Someone knocked on the bathroom door.
“Hey, what’s going on in there?” an unfamiliar voice called.
Annie looked up. “I’ve got your friend,” she said. “He’s my prisoner.”
The one in the tub bellowed so loudly she was sure the others couldn’t hear her over that racket. The noise it made echoed off the tile and hurt her ears.
“Oh, shut up, you!” she shouted back at it. “Don’t you want to know what’s happening?”
It shut up, reluctantly.
“Now,” she said loudly, directing her comments at the closed door, “As I was saying, I’ve got your friend tied up, and I’ve got my husband’s old straight razor. You two both get the heck out of my house, right now, or I’ll… I’ll cut out this thing’s heart and eat it!”
She wished she actually did have that old razor, but it was long gone. She hadn’t seen it in thirty years or more. She wondered, even as she spoke, whether there was anything sharp in the bathroom, in case she had to carry out her threat.

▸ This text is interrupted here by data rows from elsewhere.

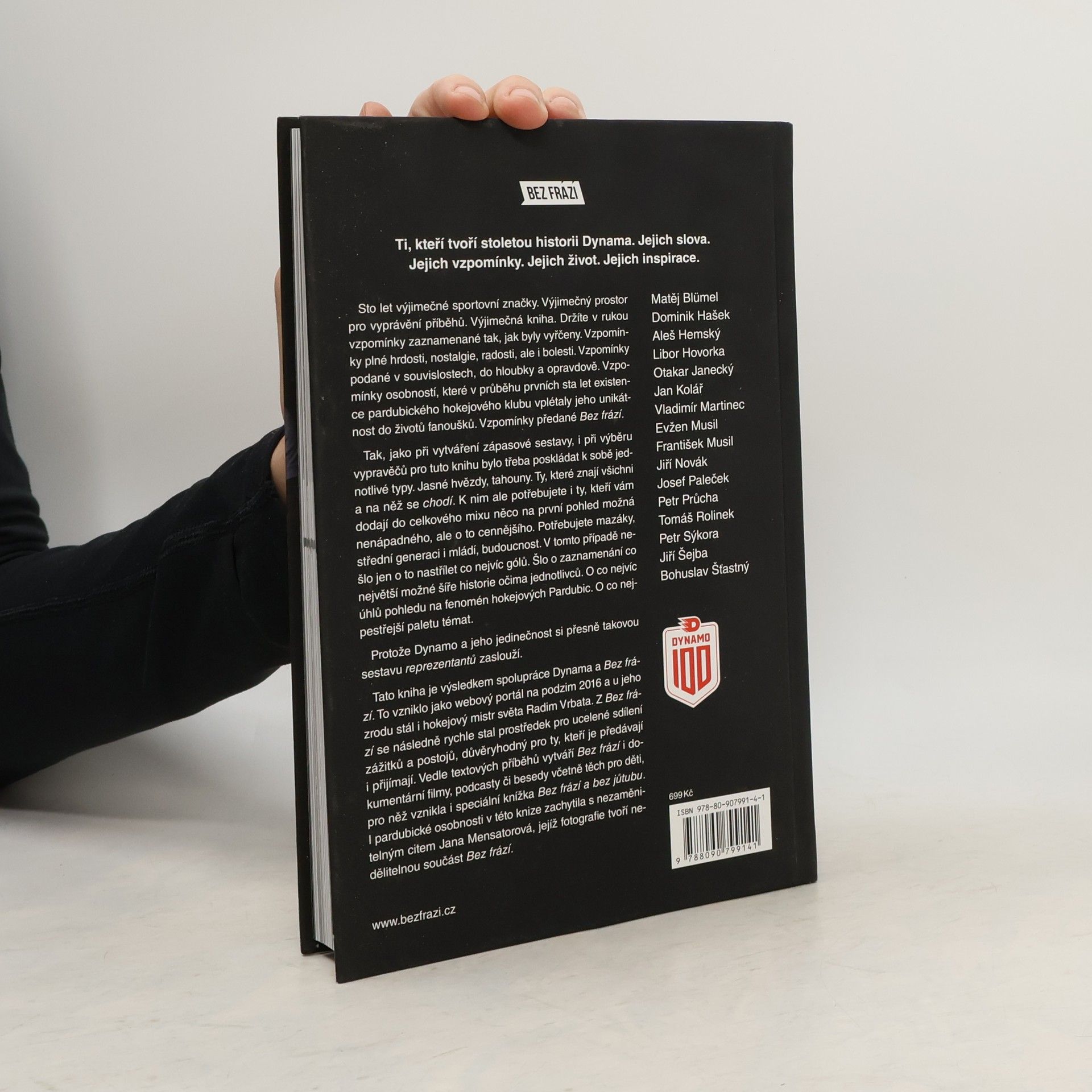 Životní příběhy osobností pardubického hokeje.Kniha vznikla ve spolupráci hokejového týmu Dynamo Pardubice a webovým portálem Bez Frází k stému výročí založení klubu.Ti, kteří tvoří stoletou historii Dynama. Jejich slova. Jejich vzpomínky. Jejich život. Jejich inspirace.Sto let výjimečné sportovní značky. Výjimečný prostor pro vyprávění příběhů. Výjimečná kniha. Matěj Blümel Dominik Hašek Aleš Hemský LIbor Hovorka Otakar Janecký Jan Kolář Vladimír Martinec Evžen Musil František Musil Jiří Novák Josef Paleček Petr Průcha Tomáš Rolinek Petr Sýkora Jiří Šejba Bohuslav Šťastný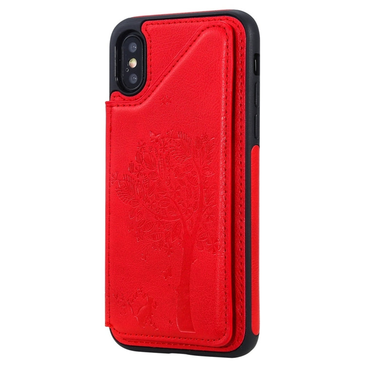Estuche protector para iPhone Xs Cat Tree con patrón en relieve, a prueba de golpes, ranuras para tarjetas y marco de fotos (Rojo)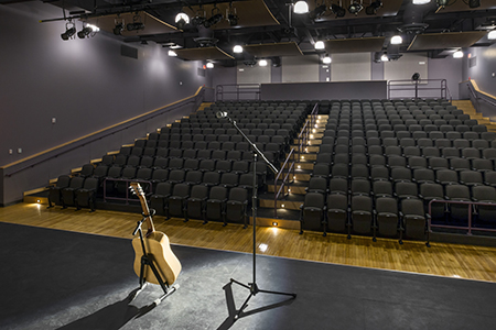 Renovation of circa-1925 gymnasium facility, repurposed exclusively for a new state-of-the-art space for the Fine Arts, located in one of the seven-building, historic campus, maintaining the historical integrity of the Academy’s Quality Hill campus. The design boasts an intimate setting of stadium-style 300-seat performance space, 1,600 s.f., art gallery, ticket booth, restrooms, and improved storage and set-design space. Leading from the lobby into the theater, the hallway walls feature alumni artwork and a gallery space before entering the theater.
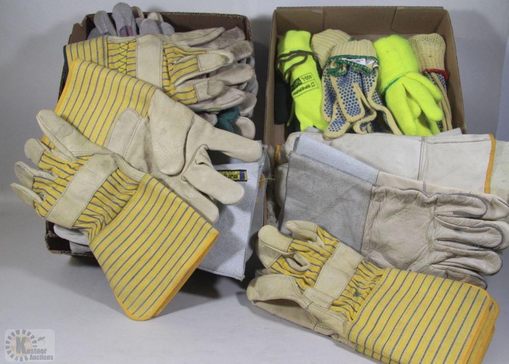 28 PAIRS OF ASSORTED GLOVES LEATHER + COTTON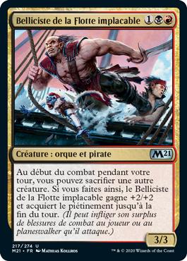Au début du combat pendant votre tour, vous pouvez sacrifier une autre créature. Si vous faites ainsi, le Belliciste de la Flotte implacable gagne +2/+2 et acquiert le piétinement jusqu'à la fin du tour. (Il peut infliger son surplus de blessures de combat au joueur ou au planeswalker qu'il attaque.)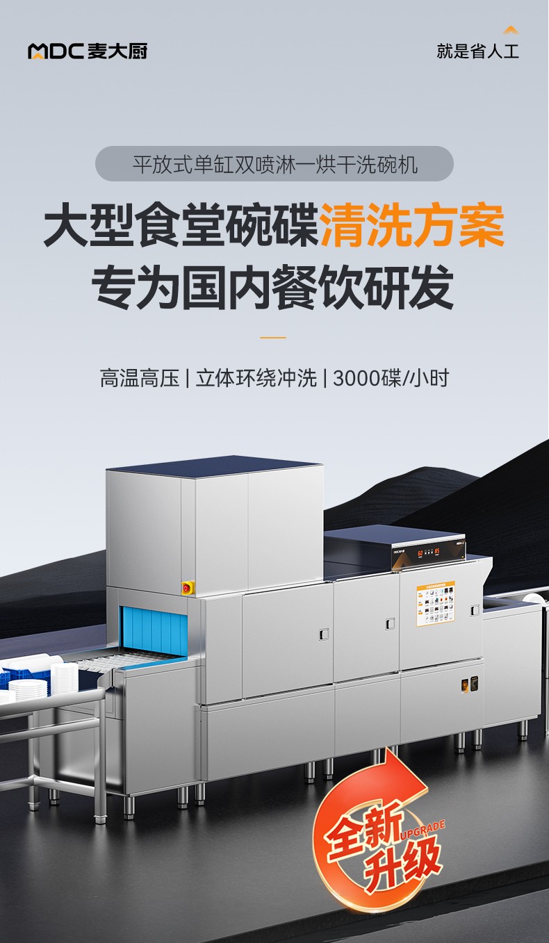 麥大廚旗艦款3.9m平放式單缸雙噴淋單烘干洗碗機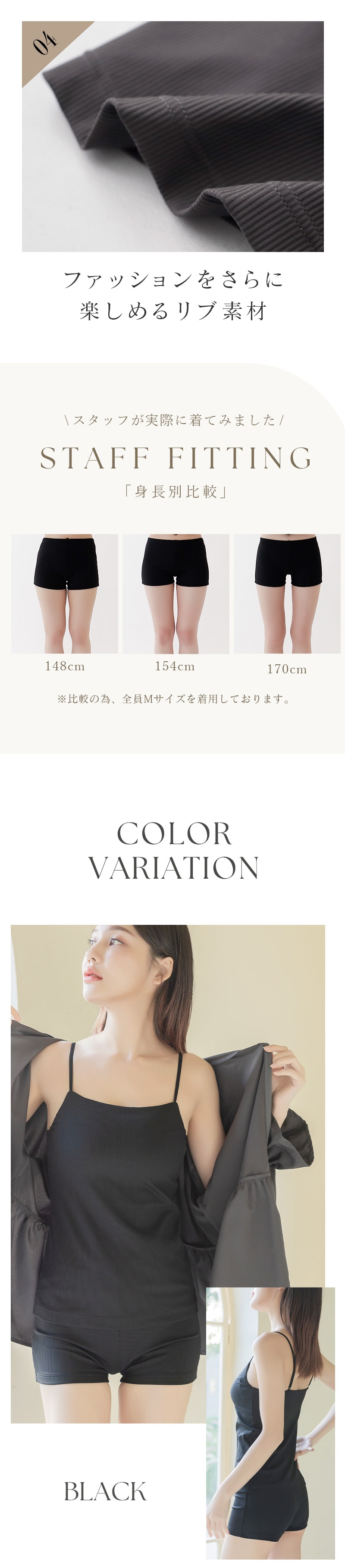 リブ素材のほどよいフィット感&ハイウエスト設計で、お腹まわりをスッキリ見せながら快適な着心地に。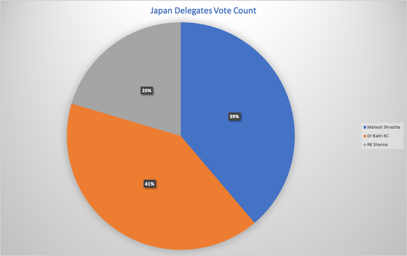 स्रोतका अनुसार संघको निर्वाचनमा अध्यक्षको लागि पुनः उम्मेदवारी दिने तयारी गरेका डा। बद्री केसीले श्रेष्ठकै कर्मथलोमा बलियो अड्डा जमाएको आंकलन गरिएको छ । दुवै पक्षले आआफ्नो आधिकारी प्यानलको घोषणा नगरे पनि जापानबाटै केसीको प्यानलमा रहेर उम्मेदवार बन्न आदी दर्जन भन्दा बढी उम्मेदवार तयार भएका छन् ।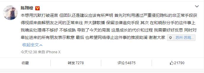 本想用沉默打破谣言 但团队还是建议应该有所声明 首先对利用通过严重侵犯隐私的非正常手段获得视频来曲解朋友之间的正常来往 并大肆散播 保留法律追究手段 其次 在和晓彤分手的这件事上我确实处理得不够好 不够成熟 导致了今天的局面 这是成长的代价和过程 我需要好好反思 同时对牵扯进来的所有朋友表示歉意 最后 也希望网络停止这件事的推波助澜 谢谢大家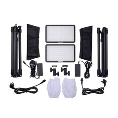 - Kompletny zestaw dwulampowy z niezbędnymi akcesoriami: 2x softboxy, siatki kontrolne światła, dyfuzory, adaptery amaran Ace Lock do statywów, zasilacze, kable, 2-metrowe składane statywy oświetleniowe oraz chroniąca torba transportowa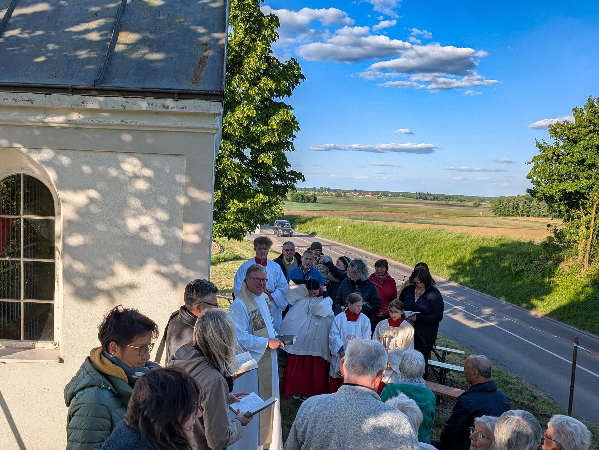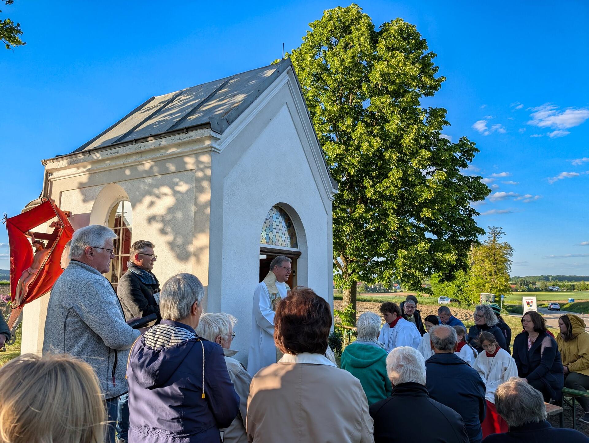 Seit die Familie Weigl vor einigen Jahren die kleine Kapelle am Ortseingang von Rohrenfels saniert hat, findet dort jedes Jahr eine Maiandacht statt.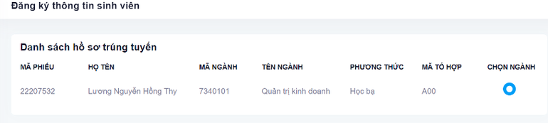 Bước 2: Tra cứu ngành trúng tuyển và chọn ngành nhập học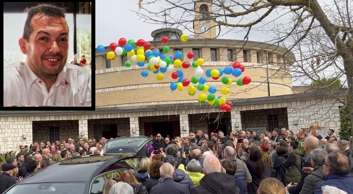 All’uscita del feretro un lunghissimo applauso e palloncini colorati a ricordare quel sorriso che si è spento a soli 48 anni.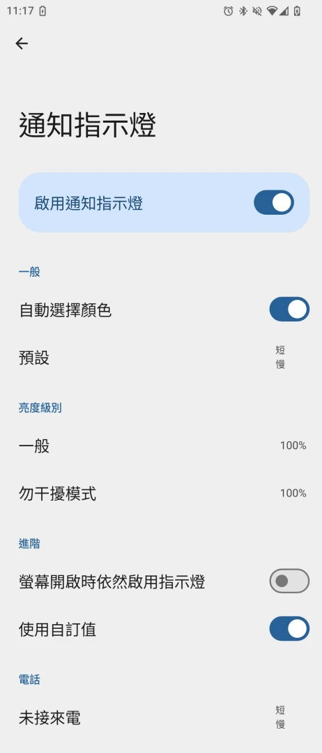 手機右上角的硬體LED指示燈要到系統設定 → 通知 → 通知指示燈開啟。這裡能夠自訂個別APP通知所使用的顏色。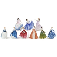 A Royal Worcester part coffee and dinner service in the Contessa pattern including eight coffee cups, dinner plates and side plates and a Royal Doulton pot and cover, the largest 20cm high.
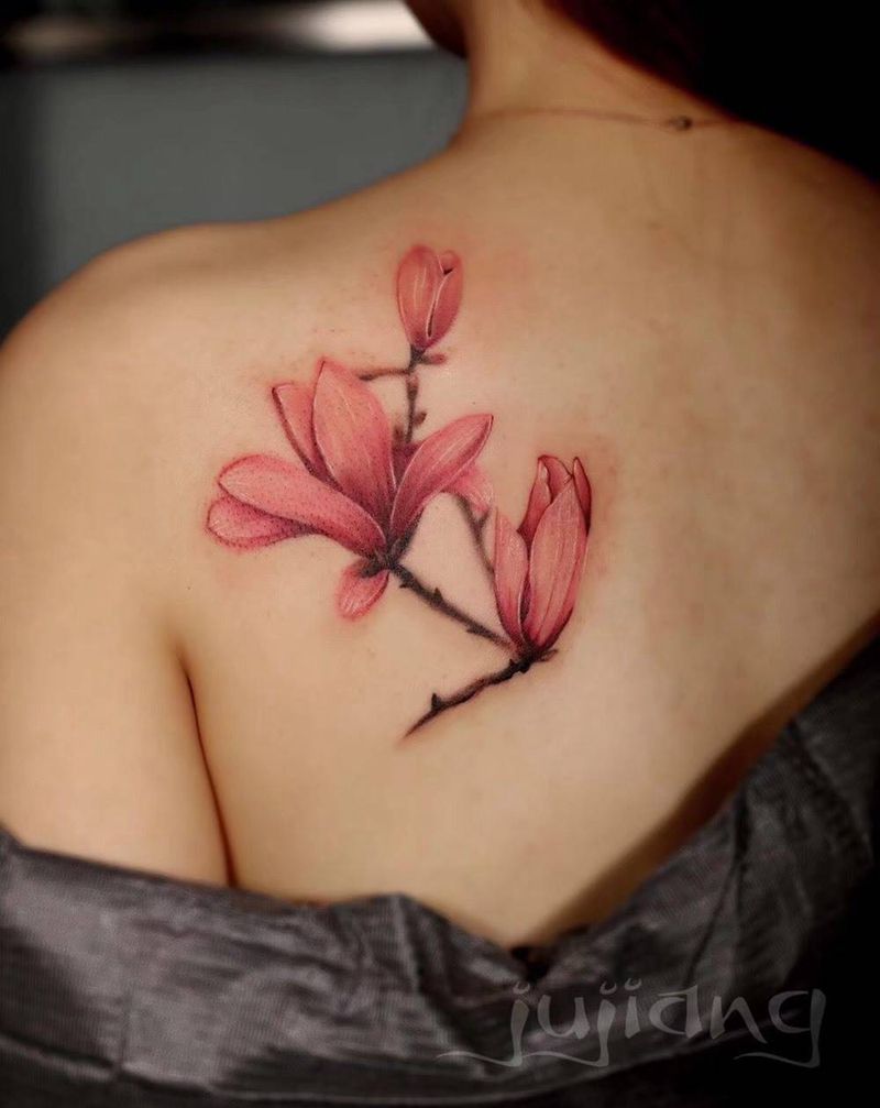 当前位置: 首页 >山东省济南市纹身店-济南巨匠刺青纹身图案>玉兰花纹身图片_成品肩部清新植物原创培训纹身图案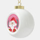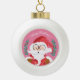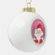 A white ball ornament with a cute winking Santa Claus on a pink background . Customize with your own text or leave it as it is .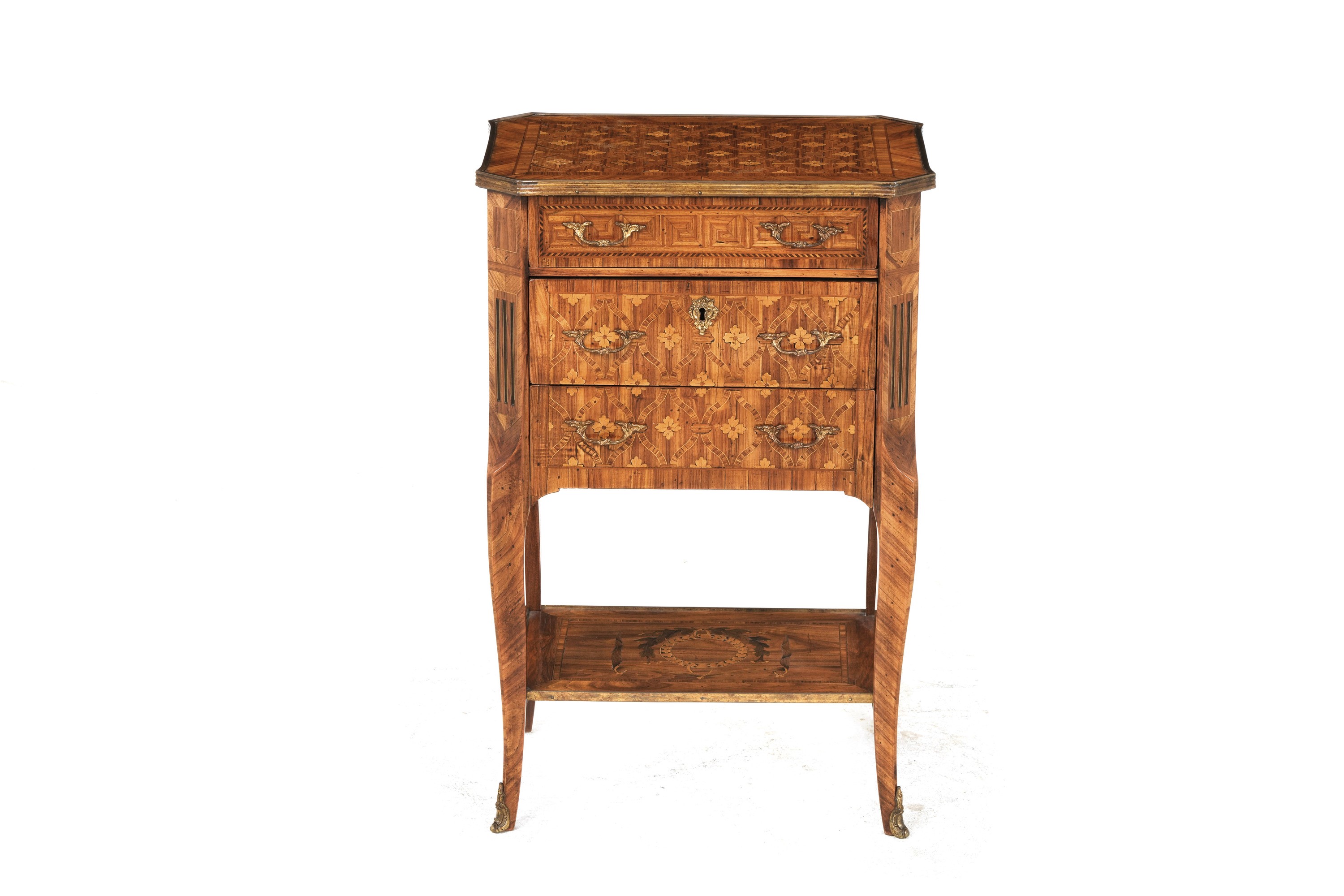 Comodino lastronato ed intarsiato. Francia XIX secolo

She knew that Smith had killed at least one nightmare person with just his teeth and nails, but she didn’t think she had the strength or the stomach for that.
The two outside the bathroom were conferring quietly; she could hear their voices, but she couldn’t make out the words.
“If you’re thinking you can just break that door down and get me,” Annie called, “Remember, I already fooled this one. We were expecting you to try something like this; the whole house is booby-trapped. You can go now, or you can stumble around into one of the other traps, or you can wait until the others get here.”
She was sweating, she realized, sweating hard for the first time in years. It wasn’t from exertion; she hadn’t done anything all that frightful, just run up the stairs and tied up her captive – not that that was easy at her age!
It was fear, that was why she was sweating. She hoped that her terror wasn’t obvious in her voice when she told all these outrageous lies.
“She’s bluffing!” the one in the tub called. It started struggling harder, and one piece of tape came loose.
She kicked at the side of the tub. “Hush up, you!” she snapped.
The knob rattled, and then someone outside was leaning on the door; she could see it bending, giving slightly.
The bolt held. She bit her lower lip and looked around.
The only sharp object in the medicine cabinet was her little disposable plastic safety razor; that wouldn’t be any use. And there wasn’t anything sharp at all in the cabinet under the sink.
That left the vanity drawer, and that was where the old manicure set was.
The scissors and clippers weren’t any use, but the nail file might do. She pulled it out and looked at it.
Using a four-inch nail file to cut the heart out of a live, struggling monster didn’t seem possible. She put the file down on the edge of the sink.
Something thumped heavily against the door.
“Go away!” she said, panicky, “Or you’re next!”
“Joe,” something called, “What’s happening in there?”
“She tripped me up and tied me up in something!” the one in the tub bellowed.
“Shut up!” Annie shouted. She picked up the nail file, then put it down again. She crossed to the tub.
The thing was flopping like a fish, banging its feet against the bottom of the tub; on an upswing she caught hold of one.
Since the feet were bound tightly together at the ankles, wired together, catching one foot meant catching both.
The thing didn’t want its feet caught, and it took all her strength to hold them with one hand while she used the other to pry off its shoes – badly-worn tennis shoes.
“No reason I have to let you bang up my bathtub,” she muttered, more to herself than to her captive.
Another thump sounded as something rammed up against the bathroom door. Annie heard the bolt scraping against its collar, but it still held.